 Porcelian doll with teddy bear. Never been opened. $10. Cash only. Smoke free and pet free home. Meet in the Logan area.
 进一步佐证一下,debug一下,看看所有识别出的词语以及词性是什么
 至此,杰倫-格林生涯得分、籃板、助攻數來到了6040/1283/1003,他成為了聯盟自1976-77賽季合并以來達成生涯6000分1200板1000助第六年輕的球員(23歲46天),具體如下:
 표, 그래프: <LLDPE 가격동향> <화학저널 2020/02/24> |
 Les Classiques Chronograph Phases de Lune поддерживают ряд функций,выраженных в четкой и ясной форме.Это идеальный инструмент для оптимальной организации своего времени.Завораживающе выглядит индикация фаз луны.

- - -

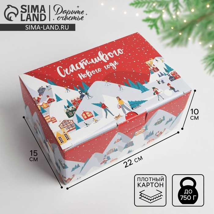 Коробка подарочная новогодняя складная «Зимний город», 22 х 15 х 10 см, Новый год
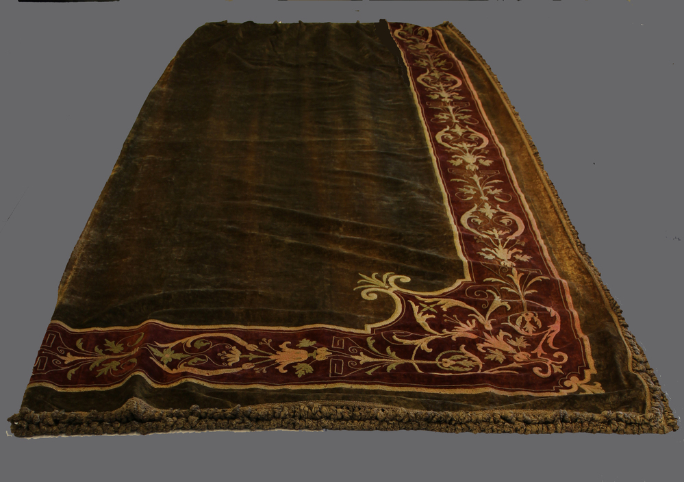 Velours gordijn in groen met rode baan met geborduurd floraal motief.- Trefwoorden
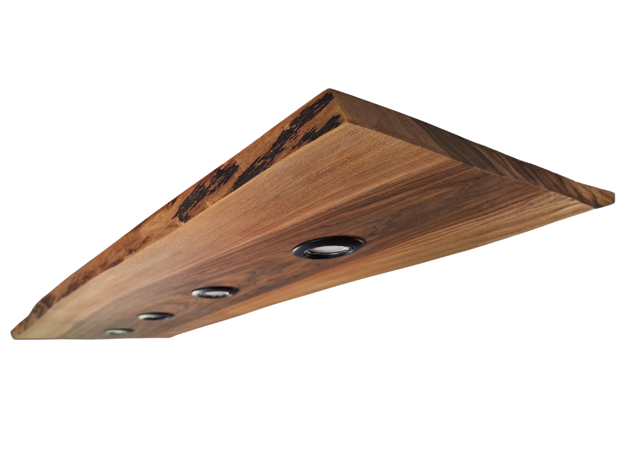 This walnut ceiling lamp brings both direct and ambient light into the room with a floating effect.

- - -

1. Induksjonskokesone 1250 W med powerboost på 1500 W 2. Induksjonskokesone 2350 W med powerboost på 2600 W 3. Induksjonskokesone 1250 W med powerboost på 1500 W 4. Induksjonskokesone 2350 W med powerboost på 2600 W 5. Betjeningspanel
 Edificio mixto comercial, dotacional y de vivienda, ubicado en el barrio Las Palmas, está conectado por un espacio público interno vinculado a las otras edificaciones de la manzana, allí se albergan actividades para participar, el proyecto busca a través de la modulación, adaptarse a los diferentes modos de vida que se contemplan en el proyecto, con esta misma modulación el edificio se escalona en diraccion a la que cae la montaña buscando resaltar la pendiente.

- - -

Looking back over the data above, restate word for word the lines that begin at the line with "Porcelian doll with" and end at the line with "Les Classiques Chronograph", inclusive.

 Porcelian doll with teddy bear. Never been opened. $10. Cash only. Smoke free and pet free home. Meet in the Logan area.
 进一步佐证一下,debug一下,看看所有识别出的词语以及词性是什么
 至此,杰倫-格林生涯得分、籃板、助攻數來到了6040/1283/1003,他成為了聯盟自1976-77賽季合并以來達成生涯6000分1200板1000助第六年輕的球員(23歲46天),具體如下:
 표, 그래프: <LLDPE 가격동향> <화학저널 2020/02/24> |
 Les Classiques Chronograph Phases de Lune поддерживают ряд функций,выраженных в четкой и ясной форме.Это идеальный инструмент для оптимальной организации своего времени.Завораживающе выглядит индикация фаз луны.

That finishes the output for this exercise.